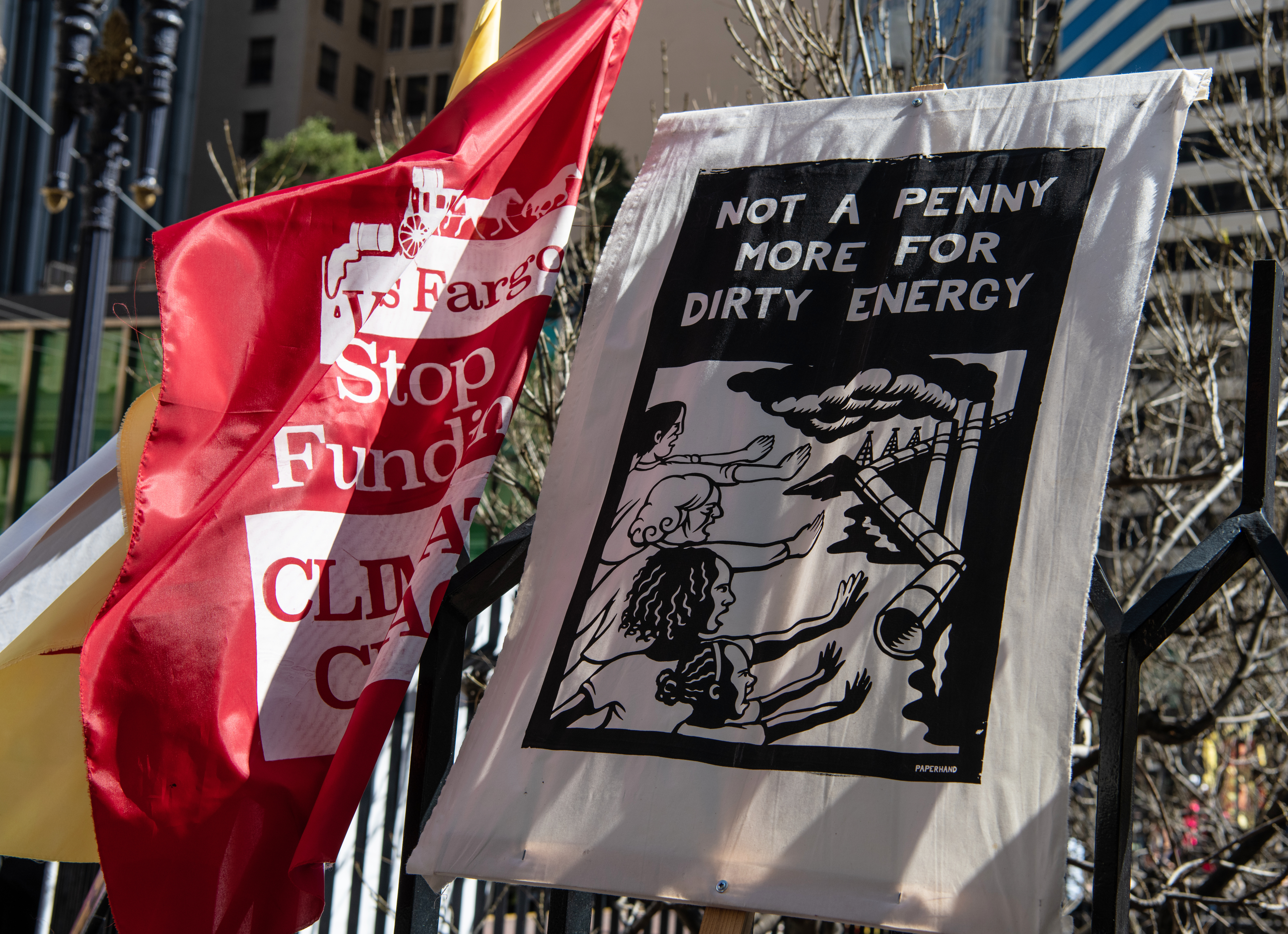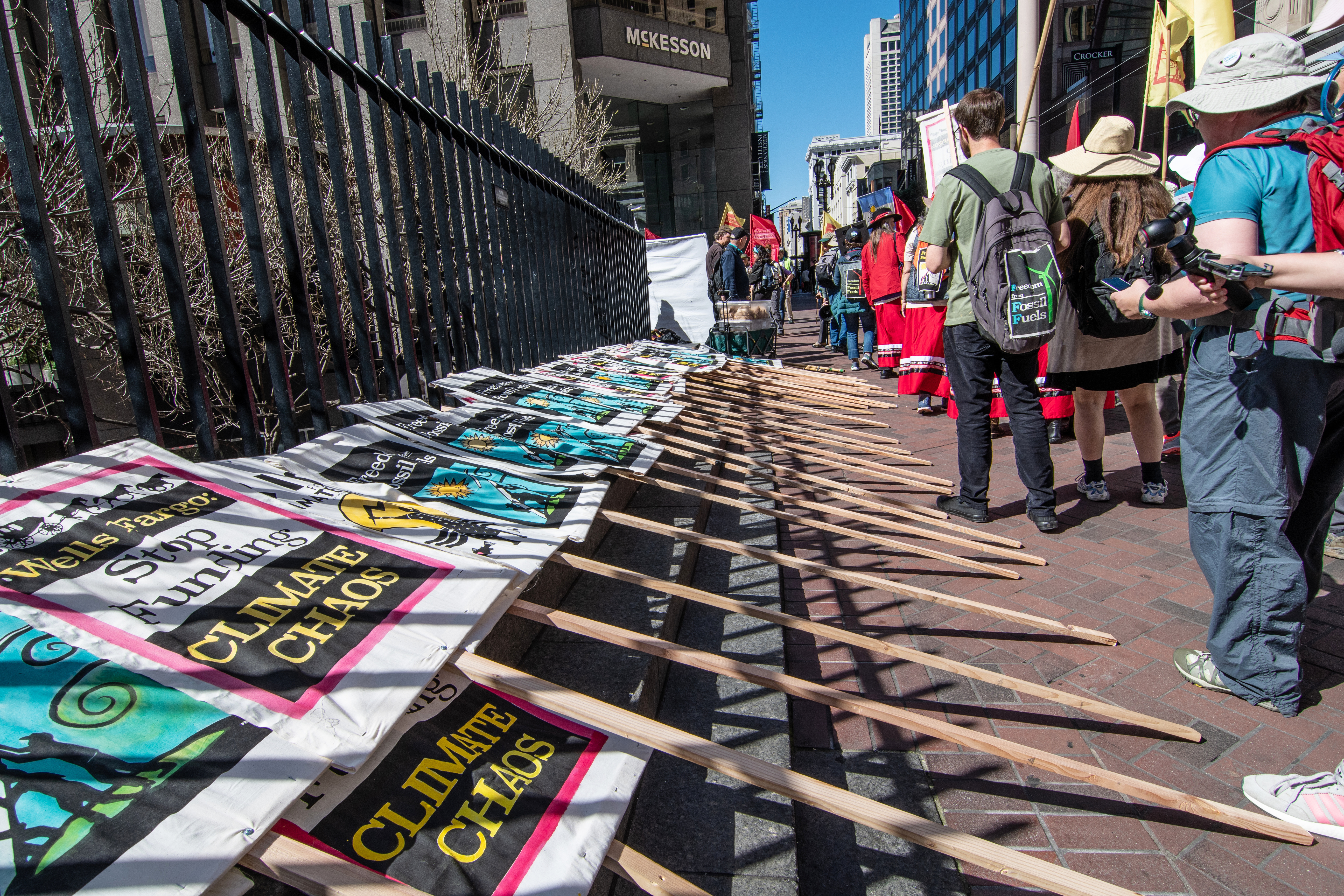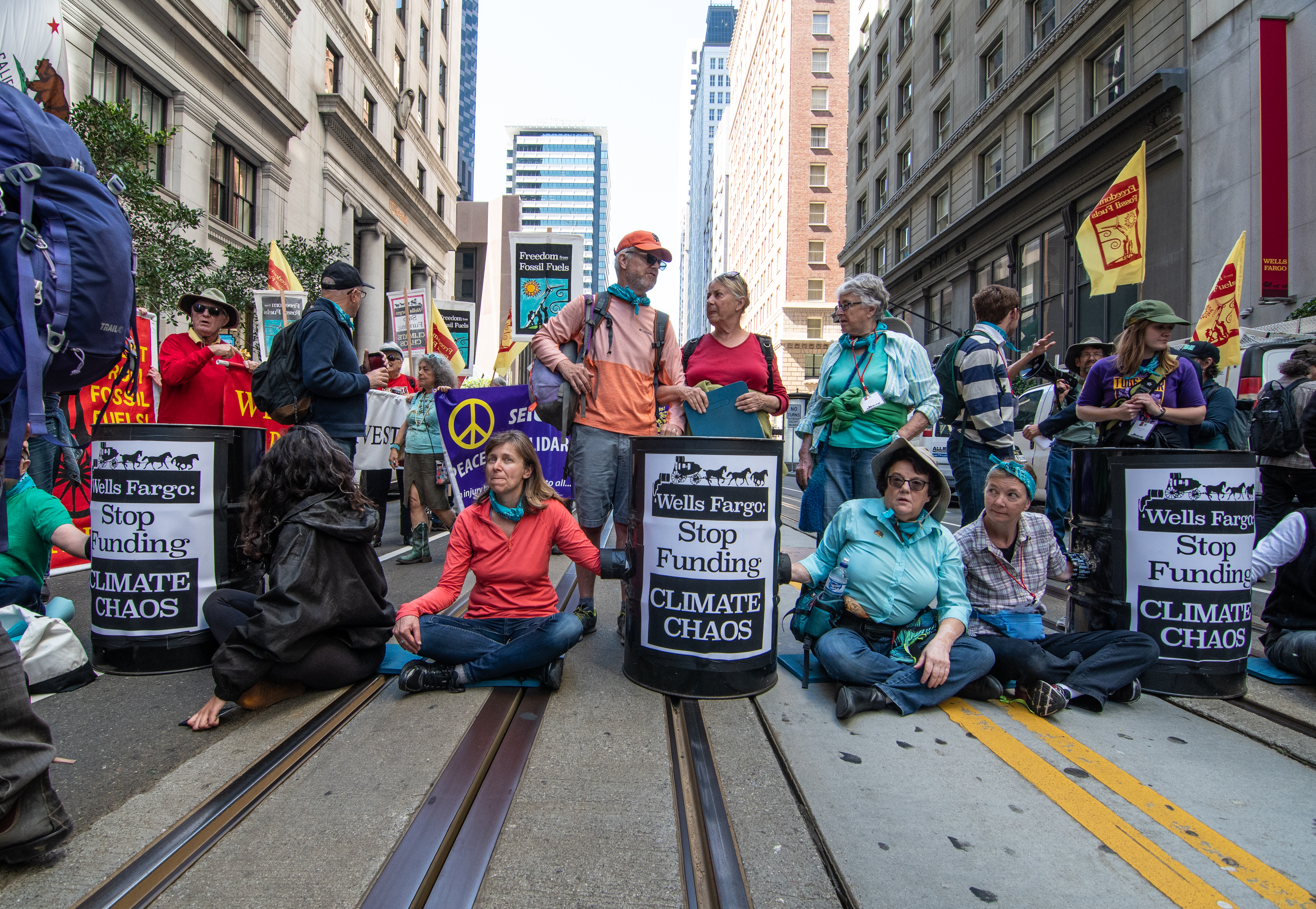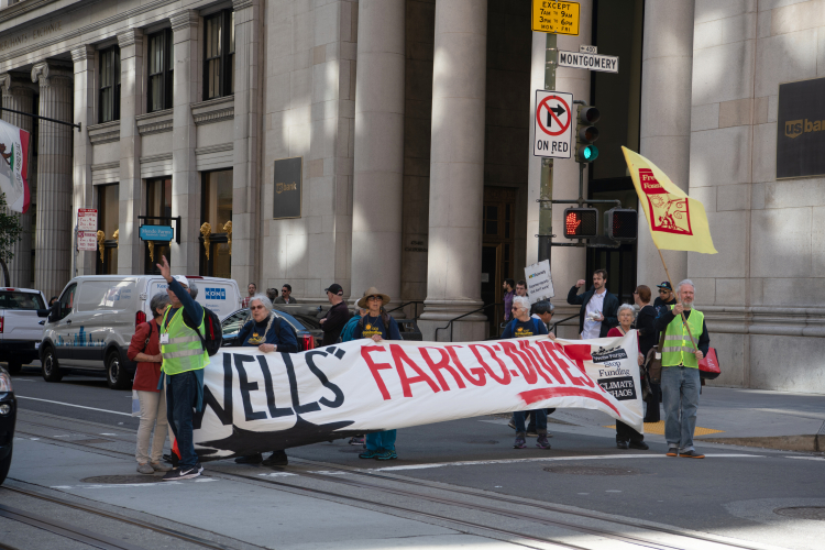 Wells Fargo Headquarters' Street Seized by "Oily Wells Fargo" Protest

========

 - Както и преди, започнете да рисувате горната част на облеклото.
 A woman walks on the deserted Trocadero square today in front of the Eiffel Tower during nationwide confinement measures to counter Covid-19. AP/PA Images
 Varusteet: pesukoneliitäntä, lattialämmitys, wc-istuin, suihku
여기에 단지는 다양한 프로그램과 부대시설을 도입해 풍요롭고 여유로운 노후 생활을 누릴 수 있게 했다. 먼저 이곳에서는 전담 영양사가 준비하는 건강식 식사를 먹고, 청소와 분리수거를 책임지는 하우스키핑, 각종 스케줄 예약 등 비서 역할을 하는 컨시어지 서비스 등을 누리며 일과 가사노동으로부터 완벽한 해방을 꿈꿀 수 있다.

========

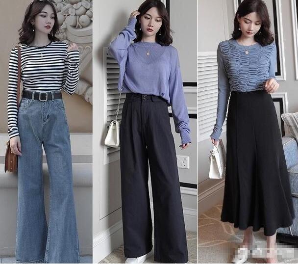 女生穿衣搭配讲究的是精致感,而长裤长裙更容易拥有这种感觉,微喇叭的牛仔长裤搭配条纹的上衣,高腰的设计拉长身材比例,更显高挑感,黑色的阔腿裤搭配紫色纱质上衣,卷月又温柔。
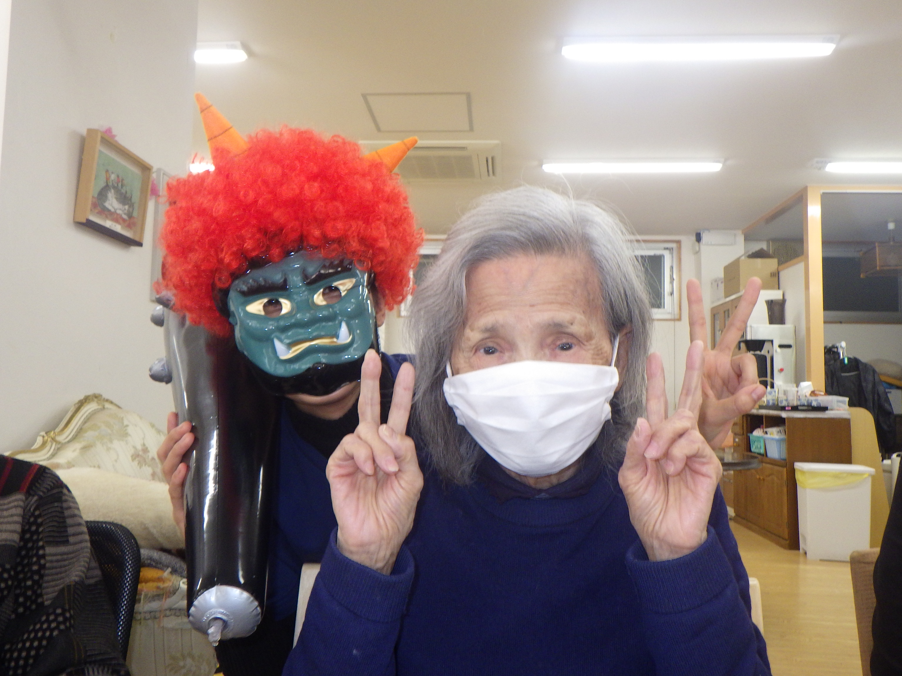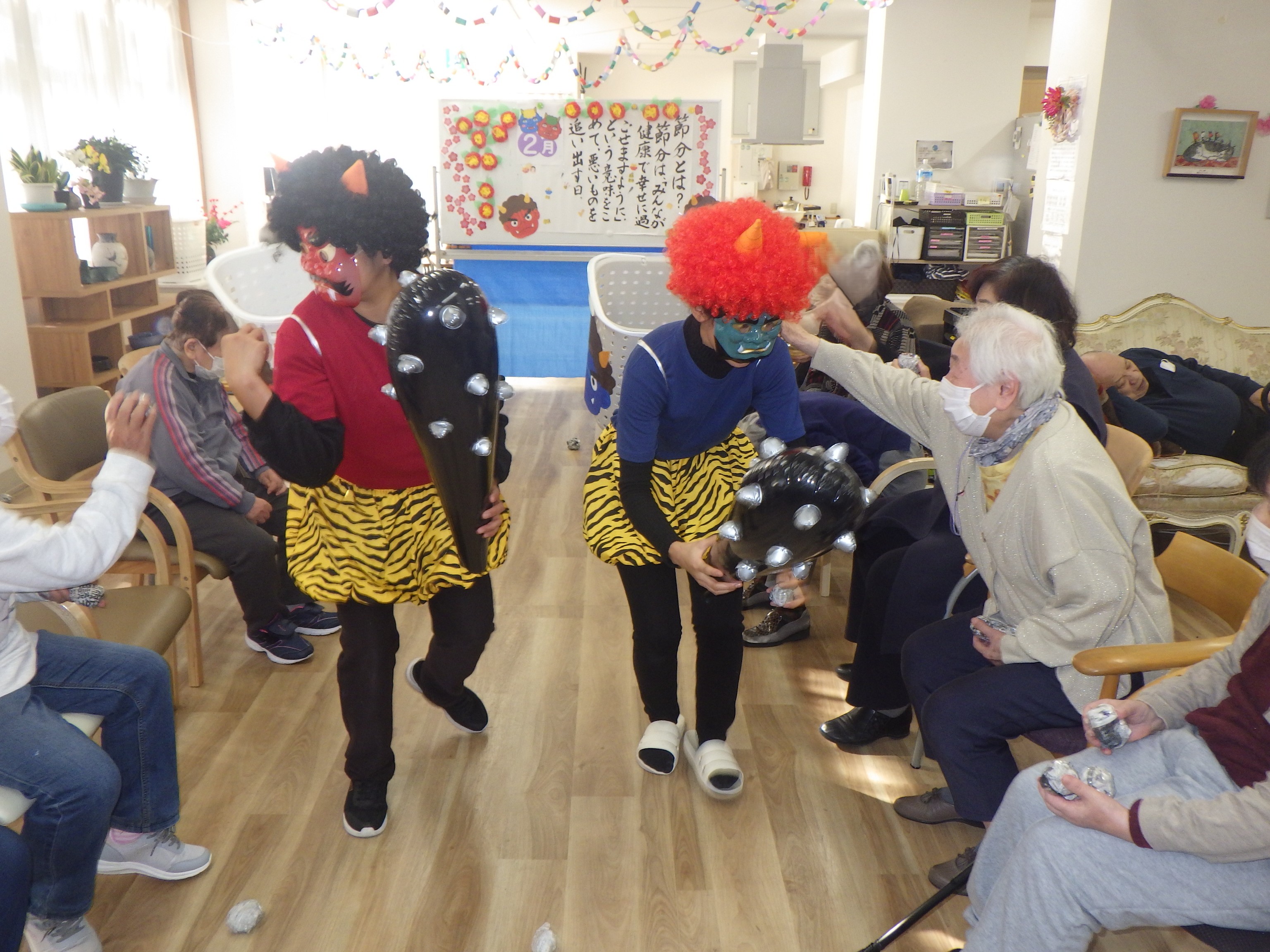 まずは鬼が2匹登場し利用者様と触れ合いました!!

========

What the task asks:
Once you find the line with "- Както и преди, започнете" above, print it and every line after it up to and including the line with "Varusteet: pesukoneliitäntä, lattialämmitys, wc-istuin, suihku", exactly as written and nothing else.

Task response:
 - Както и преди, започнете да рисувате горната част на облеклото.
 A woman walks on the deserted Trocadero square today in front of the Eiffel Tower during nationwide confinement measures to counter Covid-19. AP/PA Images
 Varusteet: pesukoneliitäntä, lattialämmitys, wc-istuin, suihku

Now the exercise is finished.